English conductor (born 1955)

Douglas Bostock (born 1955) is a British classical music conductor.

== Education ==
Douglas Bostock was born in Cheshire, England. He was educated at Sheffield University and in London with Sir Adrian Boult. He was one of the last private pupils of Adrian Boult during his final years.

== Career ==
Douglas Bostock is currently the Principal Conductor of the Aargau Symphony Orchestra in Switzerland and Principal Guest Conductor of Czech Chamber Philharmonic. He was the Principal Conductor of Tokyo Kosei Wind Orchestra from 2000 to 2006.

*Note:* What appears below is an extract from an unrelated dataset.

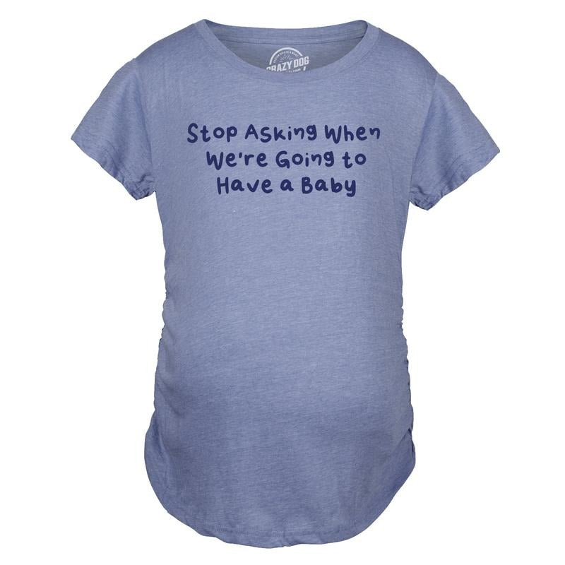 Maternity Stop Asking When Were Going To Have A Baby Pregnancy Tee For Ladies Funny Graphic Maternity Tee Cute Pregnancy Tees With Plus Sizes Funny Sarcastic T Shirt Funny Maternity Shirts Light Blue
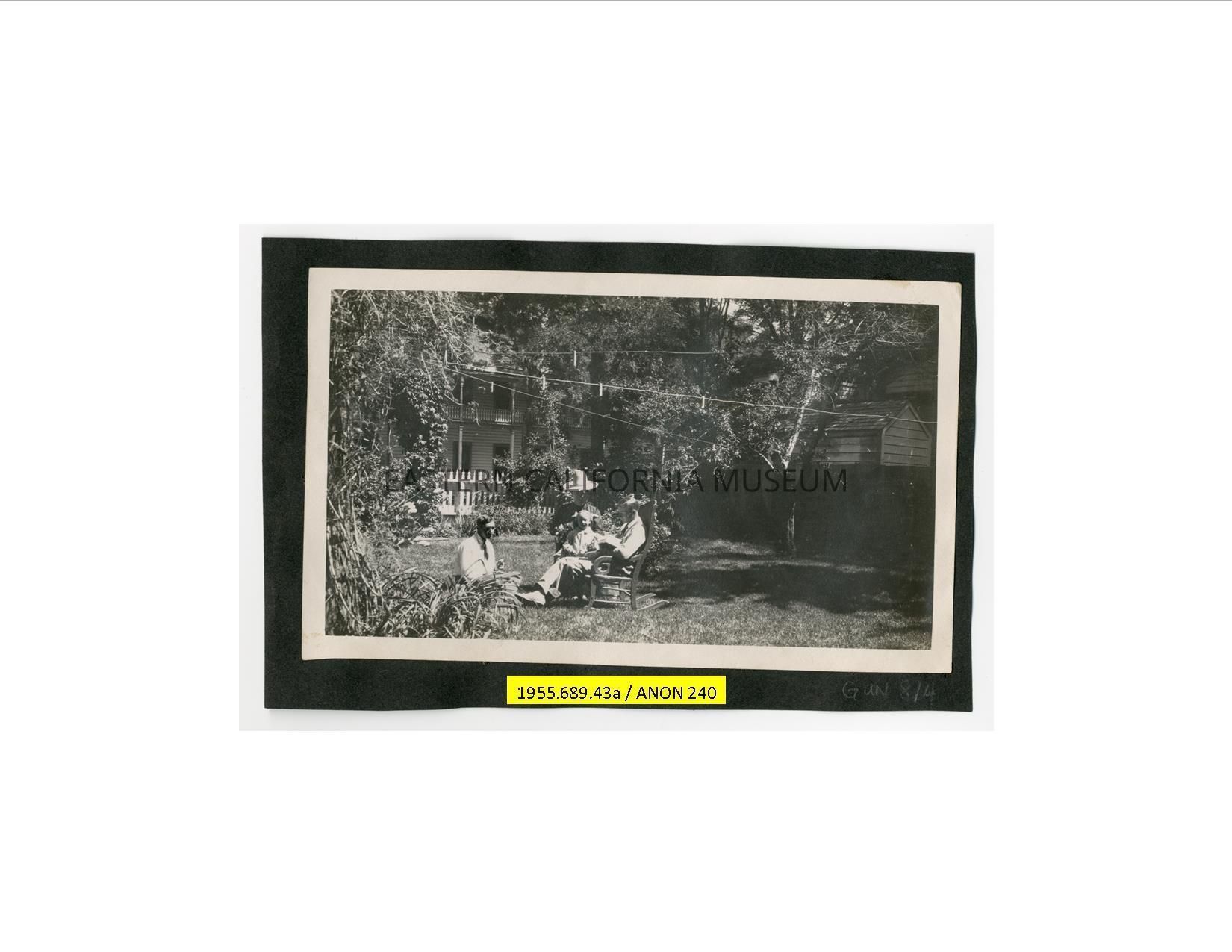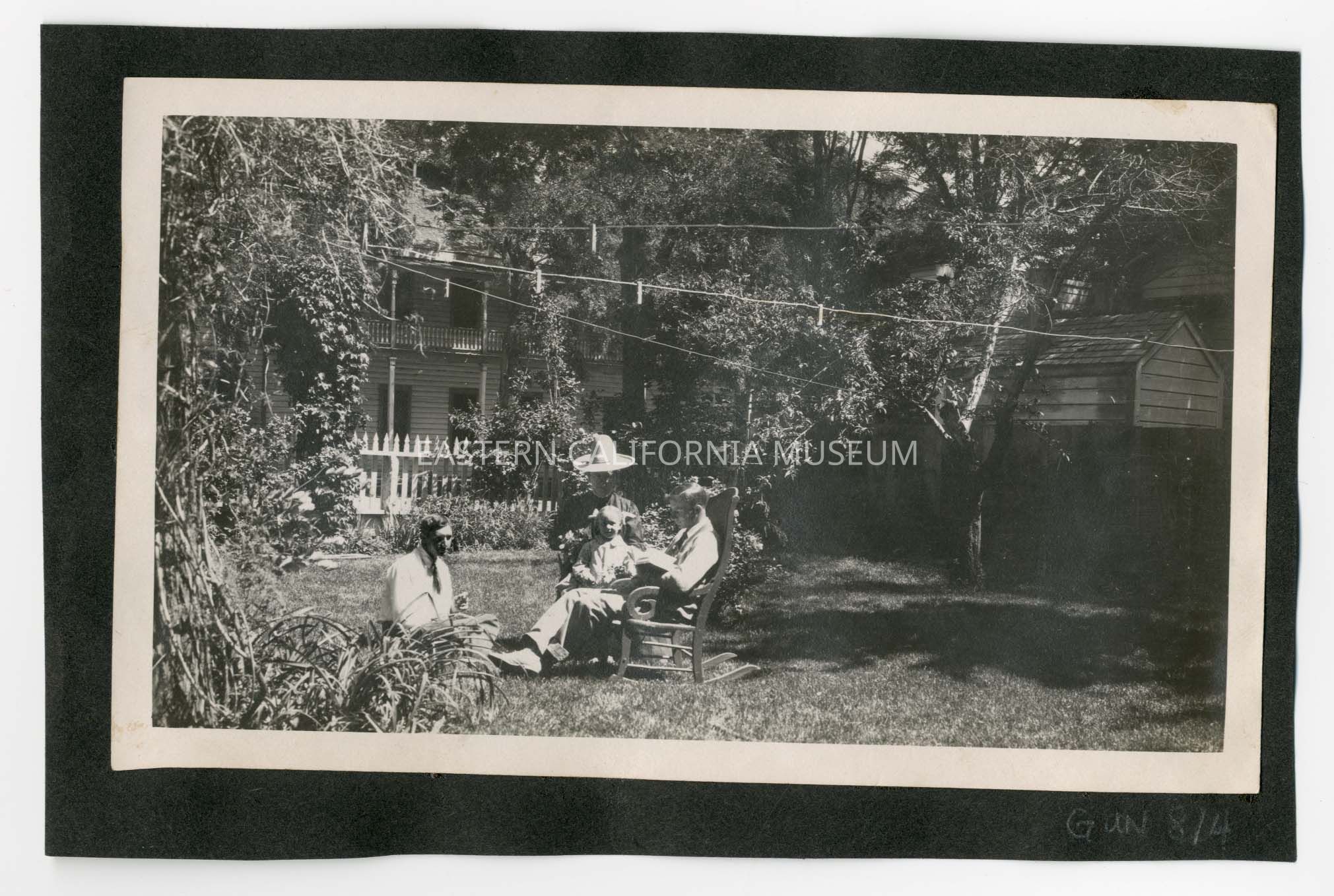 Photo of four people sitting in a grassy lawn. There are several clotheslines in the foreground and a two story building in the background that is likely a hotel. Location may be the Shepherd house in Independence.

He was Music Director and Principal Conductor of the Carlsbad Symphony Orchestra in the Czech Republic
from 1991 to 1998. He has served as the Principal Guest Conductor of the Czech Chamber Philharmonic (1992 to 2009) and the Munich Symphony Orchestra (1999 to 2006). Since 2003, he has been Music Director of the Hallwyl Opera Festival in Switzerland.

In April 2012, Maestro Bostock took up the position as Guest Professor and Conductor at the Tokyo University of the Arts. He was invited to conduct a concert with the Geidai Symphony Orchestra in the presence of the Emperor and Empress of Japan for the third time.